## What you should do
Output exactly, in the material below, the lines from the one with "Lac de Puyvalador" through the one with "4. Минервин Г.". Omit all pictures.

## Record set

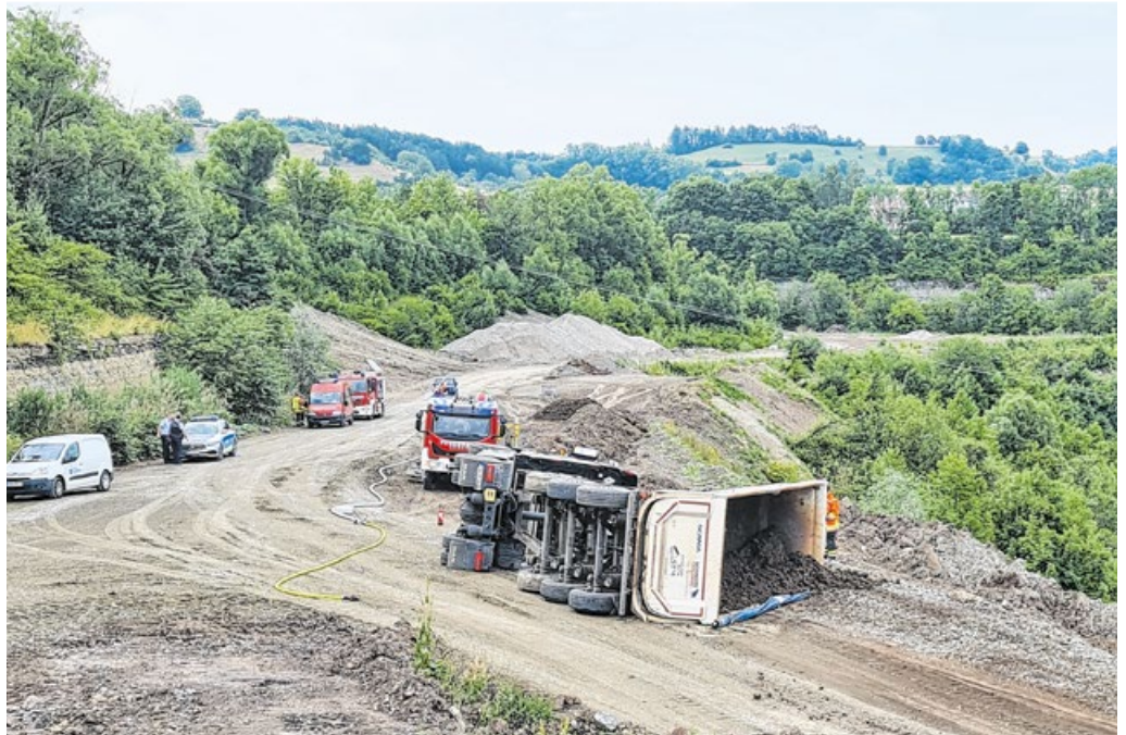
Im Einsatz: Ende Juni kam es im Steinbruch in Michelbach/Bilz zu einem Lkw-Unfall.

Die Anzahl der Einsätze hat sich gegenüber dem Vorjahr leicht reduziert. Insgesamt 17
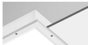
THE, CHE y LNE IP (abajo)
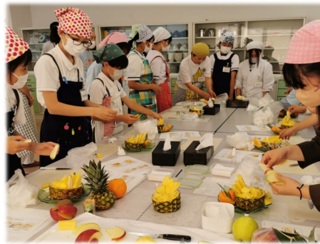
【フルーツカッティング】
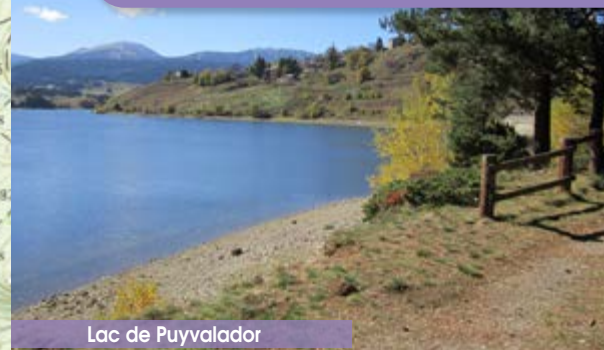
Lac de Puyvalador
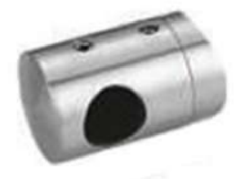
Conector de poste a barandal de tubo de 1/2". Base curva. Derecho.

Tubo de 1/2" (BRK 795) se vende por separado.
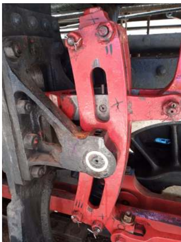
♦ Lado esquerdo já pronto da 505
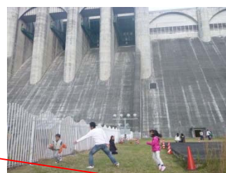
ダイナミック広場
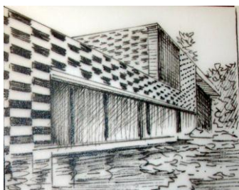
Рис 1. Дом воды и стекла. (экстерьер) Арх. Кенго Кума 2005г.

4. Минервин Г. Б., Шимко В. Т. Основные положения. Виды дизайна. Особенности дизайнерского проектирования мастера и теории. 2004.-. 188 с.
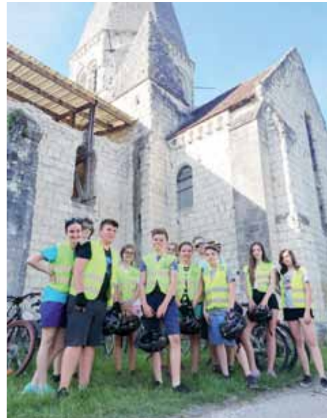
Zabytkowy kościół w trakcie odnowy – jeden z wielu przystanków na trasie.
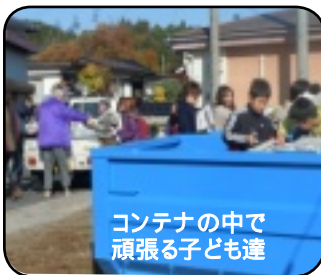
コンテナの中で 頑張る子ども達

11月25日(日)リサイク ルを行いました。たくさ んの子ども達と一緒に資 源の回収をしました。
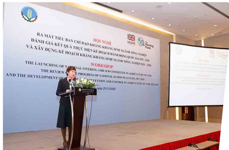
Hội nghị Cục Thú Y - 2020
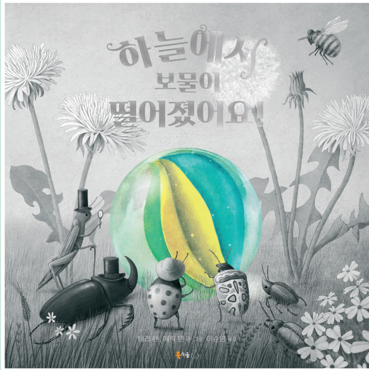
테리 펜, 에릭 펜 글·그림 | 이순영 옮김 | 북극곰
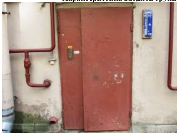
Фото 5. Общий вход со двора

Характеристика входной группы в помещение и оконных проемов
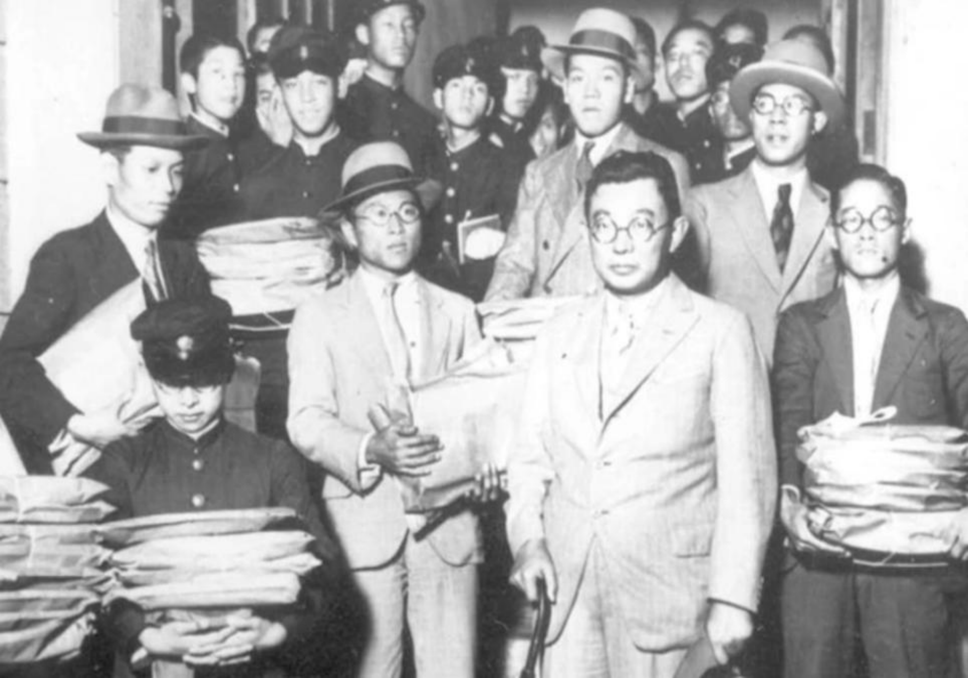
Delegația Japoniei se retrage din Liga Națiunilor (Elveția, 1933)
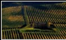
ALL ABOUT WINE
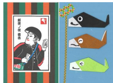
△重ね押しスタンプ △こいのぼりカード
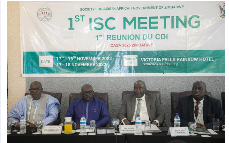
PRESS CONFERENCE AT VICTORIA WATER FALLS

Réservez votre espace d'exposition hybride maintenant – DATE LIMITE: 31 AOUT 2023
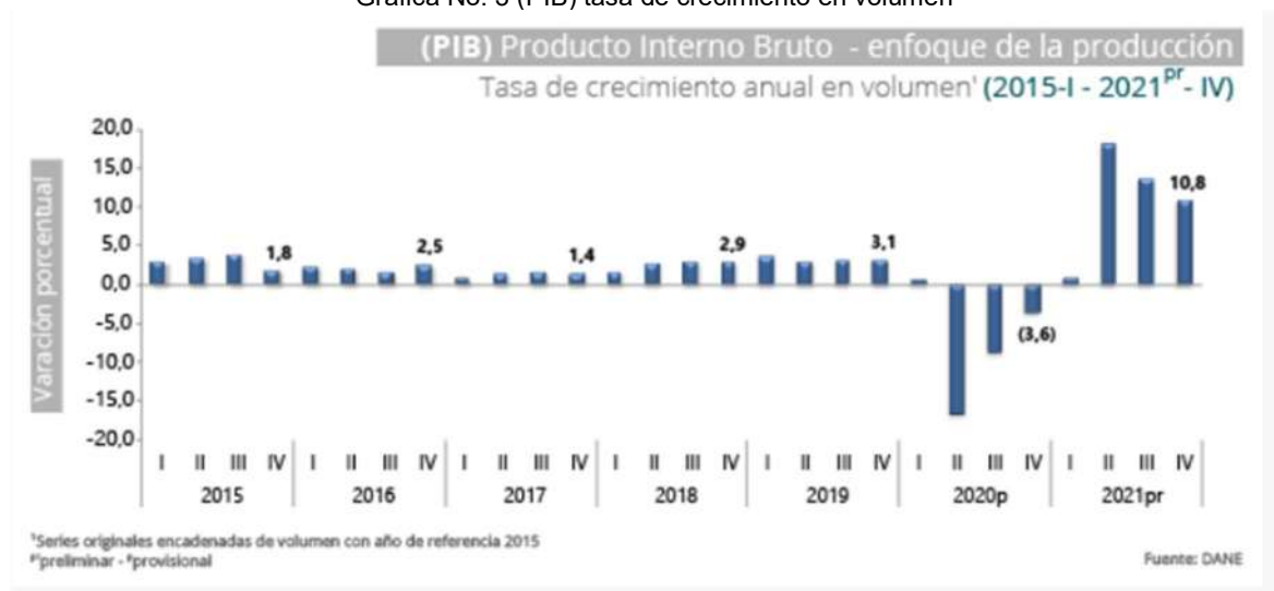
Grafica No. 3 (PIB) tasa de crecimiento en volumen

Respecto al trimestre inmediatamente anterior, el Producto Interno crece (4,3%). Esta variación se explica principalmente por la siguiente dinámica: Información y comunicaciones crece (4,7%.); Comercio al por mayor y al por menor; Reparación de vehículos automotores y motocicletas; Transporte y almacenamiento; Alojamiento y servicios de comida crece (4,6%); y Construcción crece (4,3%). 3

## Answer section
Lac de Puyvalador
Conector de poste a barandal de tubo de 1/2". Base curva. Derecho.

Tubo de 1/2" (BRK 795) se vende por separado.
♦ Lado esquerdo já pronto da 505
ダイナミック広場
Рис 1. Дом воды и стекла. (экстерьер) Арх. Кенго Кума 2005г.

4. Минервин Г. Б., Шимко В. Т. Основные положения. Виды дизайна. Особенности дизайнерского проектирования мастера и теории. 2004.-. 188 с.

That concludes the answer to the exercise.